ASDM Practices at Earlier Levels

Not all ASDM practices require Level 6. Teams can adopt components incrementally:

Practice	Level 4	Level 5	Level 6	Level 7
Steering files (AGENTS.md)	Introduce	Mature	Required	Required
Extended autonomous sessions	—	Core practice	Core practice	Core practice
Scenario-based validation	Experiment	Partial adoption	Required	Required
Digital Twin infrastructure	—	Experiment	Required	Required
Probabilistic satisfaction	—	—	Required	Required
Zero human code review	—	—	Required	Required
Governance-by-policy	Introduce	Develop	Required	Required
Full provenance	Good practice	Important	Required	Required
Autonomous operations	—	—	Experiment	Required

This incremental adoption path allows teams to build toward Levels 6 and 7 without committing to the full transformation immediately.

The ASDM Mindset Shift

Adopting ASDM requires more than new tools and processes. It requires a fundamental shift in how teams think about software quality and accountability.

From “Did a human verify this?” to “Do the scenarios and policies pass?” Traditional quality assurance relies on human judgment. Someone reads the code, considers edge cases, and attests that it meets requirements. ASDM replaces this with systematic scenario coverage and explicit policy gates. At Level 6, this determines whether code can be accepted without human review. At Level 7, it also determines whether software can operate, remediate, and evolve in production without routine human approval.

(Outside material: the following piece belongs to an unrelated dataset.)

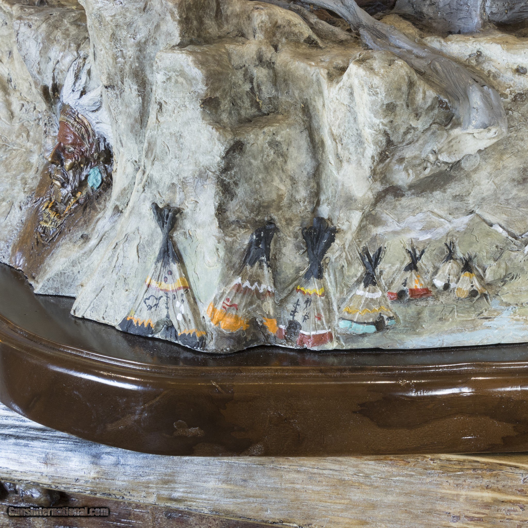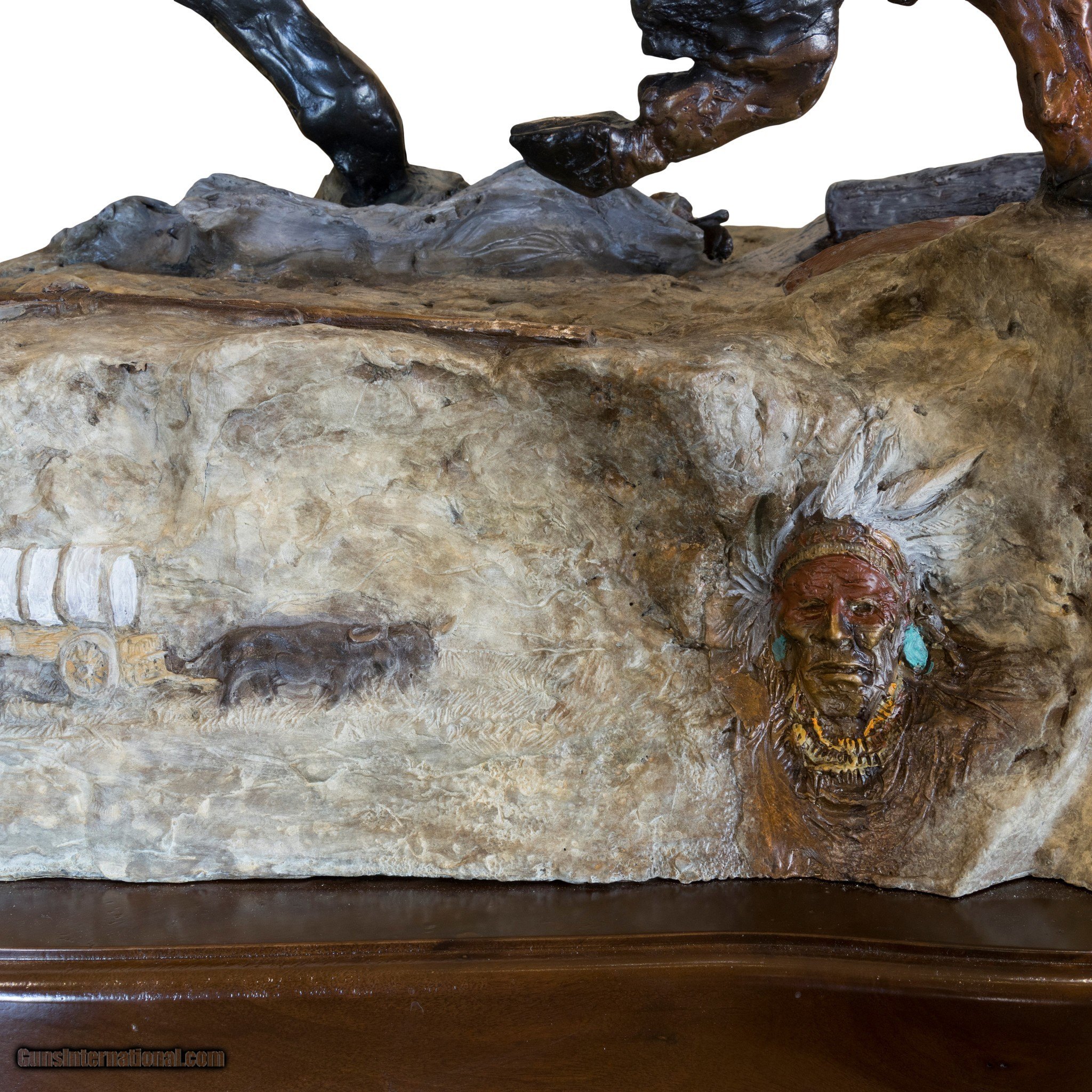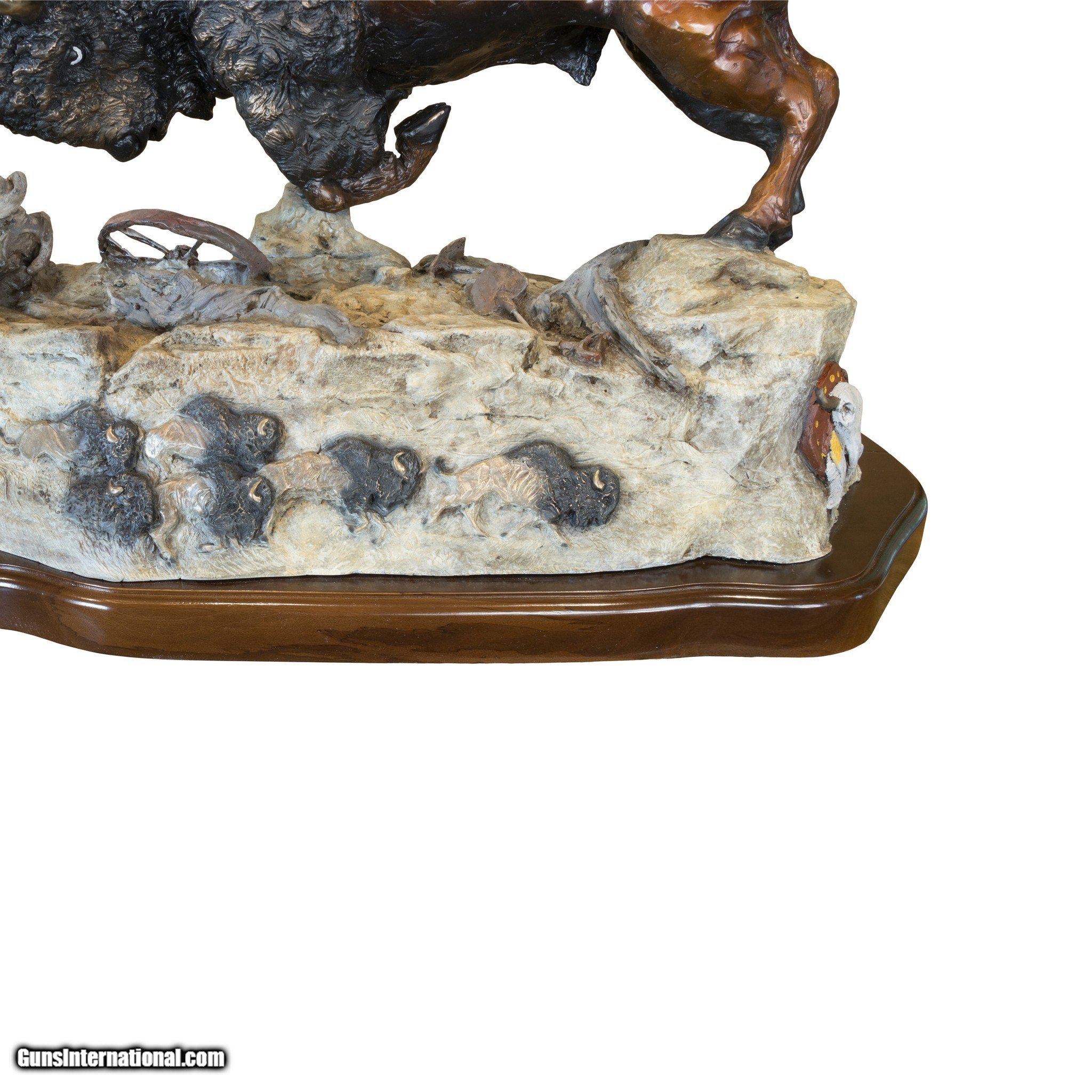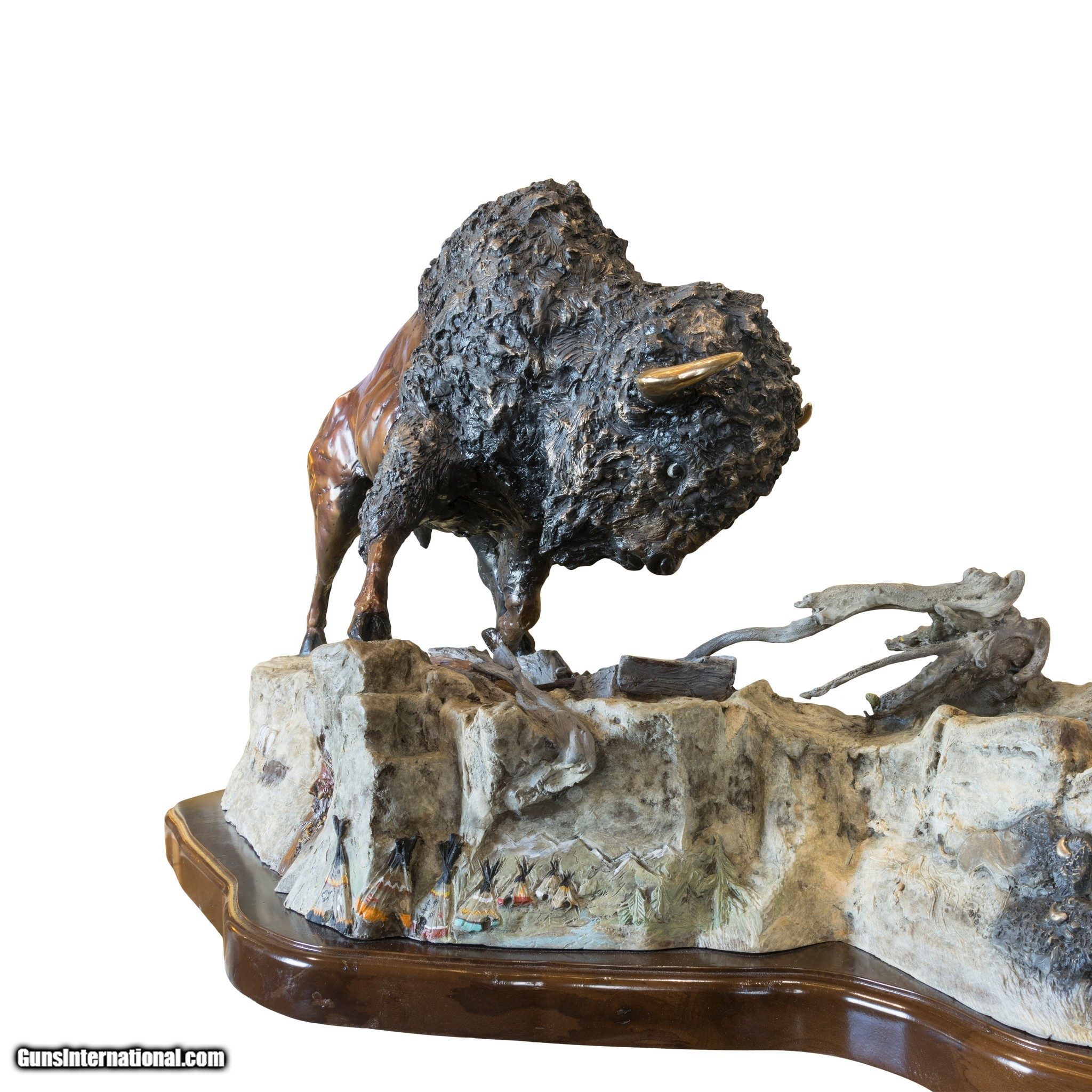Description: Limited edition 12/150. Polychrome patina with pictorials around bottom. One sterling buffalo coin embedded in base. Piece portrays two bronze buffalo standing eye to eye, horns down and at the ready, tails swishing in anticipation. This is a stunning piece that is impossible to overlook, brimming with movement and life. Perfect for the southwestern or cowboy home. Size: 59" x 19" x 23" including base. Artist Bio: Laran Ghilgieri mastered his craft the old-fashioned way: through apprenticeship. His great-grandfather, Battista Ghiglieri, carved the stately marble lions of the New York Stock Exchange and fostered three more generations of master sculptors in his family: Laran’s grandfather, Angelo, Is best known for his massive marble of a Franciscan priest in Bakersfield, CA, and Laran’s prolific father, Lorenzo, gifted Pope John Paul II, Mikhail Gorbachev and the King of Spain with bronzes of St. Francis of Assisi, in the spirit of peace. Laran Ghiglieri studied under his father for more than 20 years. Together, they explored the richness of the world, from the Vatican to Indian reservations. SOLD |

From implementation ownership to specification ownership. Engineers stop owning code and start owning specifications and scenarios. The quality of your work is measured by how well you defined what the software should do, not how elegantly you implemented it.

From debugging code to debugging scenarios. When production fails, the first question is not “what’s wrong with the code?” but “what scenario did we miss?” Failures indicate gaps in scenario coverage, not gaps in human review.

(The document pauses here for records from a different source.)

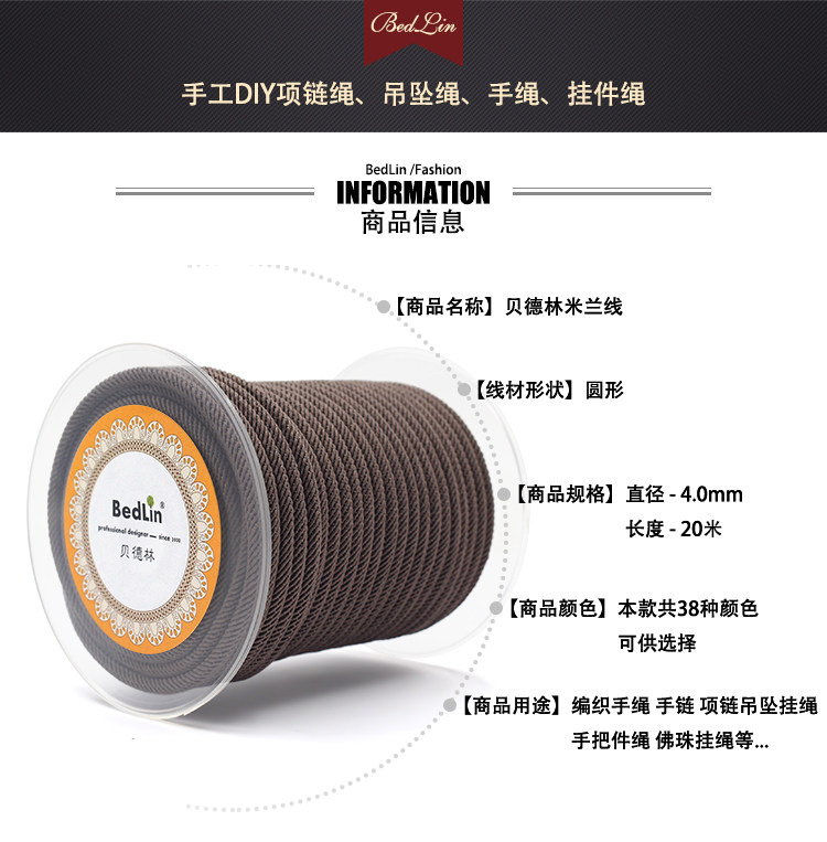 The Bedlin SDL221 4.0mm High-End Milan Thread is a premium-grade jewelry rope engineered for creators who need strength, durability, and luxury appearance in a single cord. Made from high-fiber nylon, this rope provides exceptional tensile strength, long-term flexibility, and a refined, smooth surface.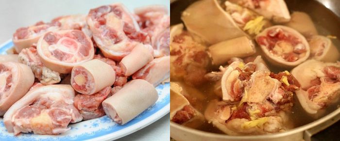 Bước 1: Đuôi bò sau khi mua về, rửa qua nước và chặt thành những khúc vừa ăn, sau đó nấu trong nước nóng khoảng 15 phút. Đổ ra rổ và rửa sạch lại bằng nước lạnh.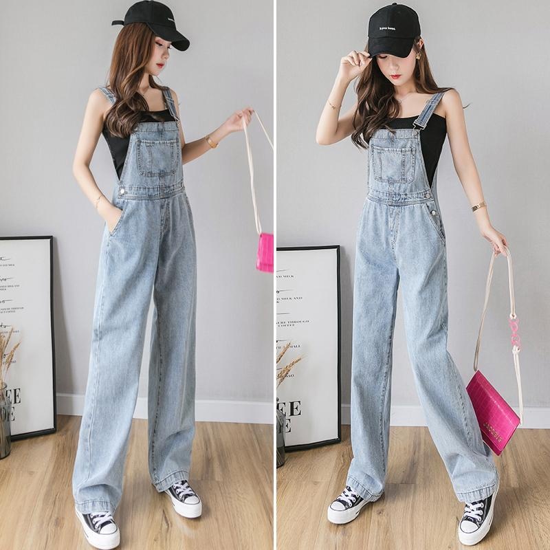 MURAH LEBAY - Overall denim panjang Jumpsuit Celana panjang Jumpsuit Wanita Fashion Simple lucu jumpsuit longgar ve

This mindset shift is perhaps the hardest part of Level 6 and Level 7 adoption. Many engineers derive professional identity from code craftsmanship. ASDM asks them to derive identity from specification, scenario, and operational policy craftsmanship instead.

The Critical Transitions

Moving between levels is not continuous improvement—each transition requires specific changes that can feel like regression before the benefits materialize.

Level 3 → Level 4: Accepting Process Change

The hardest part of moving from AI-Assisted to AI-Native is accepting that existing processes need replacement, not augmentation. Teams comfortable with Agile ceremonies resist replacing sprint planning with Mob Elaboration. Engineers skilled at code review resist restructuring around AI-generated code.

The transition requires leadership commitment to process experimentation and tolerance for temporary productivity loss while new patterns establish.

Level 4 → Level 5: Trusting Asynchronous Execution

Moving from interactive orchestration to overnight autonomous sessions requires trust that wasn’t necessary before. Engineers must accept that code will be generated while they sleep, without the ability to course-correct in real-time.

This transition also requires infrastructure for extended agent execution—checkpointing, failure recovery, and reliable long-running processes that most organizations haven’t built.

Level 5 → Level 6: Eliminating Human Code Review

Removing human code review feels like removing a safety net—because it is. Teams must build confidence that scenario-based validation catches what human review would catch, and accepts the cases where it doesn’t.

This transition is not for every organization. Many will find Level 5 the appropriate equilibrium—significant productivity gains with maintained human oversight. Level 6 is for organizations where the economics and risk tolerance align with fully autonomous coding and review.

Level 6 → Level 7: Removing Routine Operational Gates

Level 7 is a different kind of trust boundary. A team may accept no human code review while still requiring human approval for deployment, rollout, rollback, customer exposure, and incident response. Moving to Level 7 requires confidence that operational policies, telemetry, SLOs, canaries, and remediation systems can make routine production decisions.

This transition is likely to lag Level 6 adoption. The blast radius is larger, the compliance questions are harder, and the failure modes are more visible to customers.

What Each Level Requires

The infrastructure and organizational requirements escalate significantly across Levels 4-7. Each level builds on the previous—Level 7 organizations need everything from Levels 4, 5, and 6, plus additional operational capabilities.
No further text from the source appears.